Directions →
In the records below, the line with "您好,今天帅帅来为大家解答以" opens the range and the line with "Atlanta the capital" closes it; print that range exactly and nothing else.

Task input →
===
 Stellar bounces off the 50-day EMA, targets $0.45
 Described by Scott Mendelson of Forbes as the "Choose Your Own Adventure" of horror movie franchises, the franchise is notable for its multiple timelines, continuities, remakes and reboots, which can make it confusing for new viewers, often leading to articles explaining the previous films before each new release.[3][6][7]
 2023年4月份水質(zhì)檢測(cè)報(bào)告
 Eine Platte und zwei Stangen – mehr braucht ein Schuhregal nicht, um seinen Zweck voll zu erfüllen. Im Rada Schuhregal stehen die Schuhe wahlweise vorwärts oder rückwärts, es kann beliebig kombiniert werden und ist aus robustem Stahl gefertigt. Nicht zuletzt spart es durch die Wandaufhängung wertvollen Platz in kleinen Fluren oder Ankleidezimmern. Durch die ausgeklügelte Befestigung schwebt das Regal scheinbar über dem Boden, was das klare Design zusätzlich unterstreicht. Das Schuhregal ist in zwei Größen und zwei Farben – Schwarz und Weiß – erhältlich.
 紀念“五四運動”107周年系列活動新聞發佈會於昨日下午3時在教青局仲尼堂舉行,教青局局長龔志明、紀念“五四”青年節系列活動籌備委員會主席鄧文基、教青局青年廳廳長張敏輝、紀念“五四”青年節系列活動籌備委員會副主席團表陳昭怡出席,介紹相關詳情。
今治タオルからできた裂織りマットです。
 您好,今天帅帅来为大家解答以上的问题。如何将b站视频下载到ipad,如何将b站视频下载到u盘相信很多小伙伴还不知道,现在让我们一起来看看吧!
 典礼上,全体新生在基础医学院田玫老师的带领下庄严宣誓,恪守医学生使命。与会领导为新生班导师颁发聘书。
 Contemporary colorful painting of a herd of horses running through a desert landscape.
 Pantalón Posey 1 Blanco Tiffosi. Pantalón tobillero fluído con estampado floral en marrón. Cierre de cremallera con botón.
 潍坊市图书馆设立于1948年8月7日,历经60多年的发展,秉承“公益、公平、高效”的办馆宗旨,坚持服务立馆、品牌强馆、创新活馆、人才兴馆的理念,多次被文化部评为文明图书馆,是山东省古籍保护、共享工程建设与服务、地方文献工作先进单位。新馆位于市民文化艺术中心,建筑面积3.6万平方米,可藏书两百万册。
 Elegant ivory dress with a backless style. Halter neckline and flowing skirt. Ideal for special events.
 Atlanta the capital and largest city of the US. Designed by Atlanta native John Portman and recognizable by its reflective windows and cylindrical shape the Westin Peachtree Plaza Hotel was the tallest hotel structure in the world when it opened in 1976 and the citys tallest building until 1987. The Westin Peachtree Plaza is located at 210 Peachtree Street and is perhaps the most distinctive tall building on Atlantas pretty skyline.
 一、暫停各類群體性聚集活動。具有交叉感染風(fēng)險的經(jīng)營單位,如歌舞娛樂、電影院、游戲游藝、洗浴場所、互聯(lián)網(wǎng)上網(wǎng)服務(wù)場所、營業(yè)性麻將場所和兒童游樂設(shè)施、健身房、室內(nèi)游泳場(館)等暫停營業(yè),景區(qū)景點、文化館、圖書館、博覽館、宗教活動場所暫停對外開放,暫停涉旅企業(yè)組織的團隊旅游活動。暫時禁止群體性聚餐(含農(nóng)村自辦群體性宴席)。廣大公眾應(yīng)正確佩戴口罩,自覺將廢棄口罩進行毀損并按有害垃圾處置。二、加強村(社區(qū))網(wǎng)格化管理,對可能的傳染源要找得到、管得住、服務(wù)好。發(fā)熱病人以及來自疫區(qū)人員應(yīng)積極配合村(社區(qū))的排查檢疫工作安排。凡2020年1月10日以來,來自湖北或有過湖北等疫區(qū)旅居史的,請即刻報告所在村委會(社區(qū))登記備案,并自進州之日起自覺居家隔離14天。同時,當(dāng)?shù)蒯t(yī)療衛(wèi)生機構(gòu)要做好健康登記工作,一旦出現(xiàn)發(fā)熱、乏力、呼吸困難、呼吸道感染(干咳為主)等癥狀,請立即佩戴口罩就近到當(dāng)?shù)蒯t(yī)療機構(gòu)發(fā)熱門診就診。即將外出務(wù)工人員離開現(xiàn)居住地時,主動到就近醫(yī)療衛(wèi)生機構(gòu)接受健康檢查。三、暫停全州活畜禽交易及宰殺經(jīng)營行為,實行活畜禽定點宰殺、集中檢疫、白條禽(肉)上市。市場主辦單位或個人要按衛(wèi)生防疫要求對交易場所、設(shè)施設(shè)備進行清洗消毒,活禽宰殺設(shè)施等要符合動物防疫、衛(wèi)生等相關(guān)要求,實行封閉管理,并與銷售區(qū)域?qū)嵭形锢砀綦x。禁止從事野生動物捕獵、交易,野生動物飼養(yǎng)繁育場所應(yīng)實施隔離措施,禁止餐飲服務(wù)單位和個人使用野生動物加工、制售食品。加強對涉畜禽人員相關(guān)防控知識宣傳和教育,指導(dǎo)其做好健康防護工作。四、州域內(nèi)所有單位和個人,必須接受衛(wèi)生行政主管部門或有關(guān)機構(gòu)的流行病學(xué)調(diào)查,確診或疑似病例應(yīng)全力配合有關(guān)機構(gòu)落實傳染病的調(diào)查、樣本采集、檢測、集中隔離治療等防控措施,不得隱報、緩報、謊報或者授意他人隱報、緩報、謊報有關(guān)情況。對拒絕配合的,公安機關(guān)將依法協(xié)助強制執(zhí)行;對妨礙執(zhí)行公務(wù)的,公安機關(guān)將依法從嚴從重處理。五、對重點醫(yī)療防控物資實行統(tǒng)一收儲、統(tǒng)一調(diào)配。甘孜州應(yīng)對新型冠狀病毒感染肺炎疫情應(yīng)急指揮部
===
Problem solution →
 您好,今天帅帅来为大家解答以上的问题。如何将b站视频下载到ipad,如何将b站视频下载到u盘相信很多小伙伴还不知道,现在让我们一起来看看吧!
 典礼上,全体新生在基础医学院田玫老师的带领下庄严宣誓,恪守医学生使命。与会领导为新生班导师颁发聘书。
 Contemporary colorful painting of a herd of horses running through a desert landscape.
 Pantalón Posey 1 Blanco Tiffosi. Pantalón tobillero fluído con estampado floral en marrón. Cierre de cremallera con botón.
 潍坊市图书馆设立于1948年8月7日,历经60多年的发展,秉承“公益、公平、高效”的办馆宗旨,坚持服务立馆、品牌强馆、创新活馆、人才兴馆的理念,多次被文化部评为文明图书馆,是山东省古籍保护、共享工程建设与服务、地方文献工作先进单位。新馆位于市民文化艺术中心,建筑面积3.6万平方米,可藏书两百万册。
 Elegant ivory dress with a backless style. Halter neckline and flowing skirt. Ideal for special events.
 Atlanta the capital and largest city of the US. Designed by Atlanta native John Portman and recognizable by its reflective windows and cylindrical shape the Westin Peachtree Plaza Hotel was the tallest hotel structure in the world when it opened in 1976 and the citys tallest building until 1987. The Westin Peachtree Plaza is located at 210 Peachtree Street and is perhaps the most distinctive tall building on Atlantas pretty skyline.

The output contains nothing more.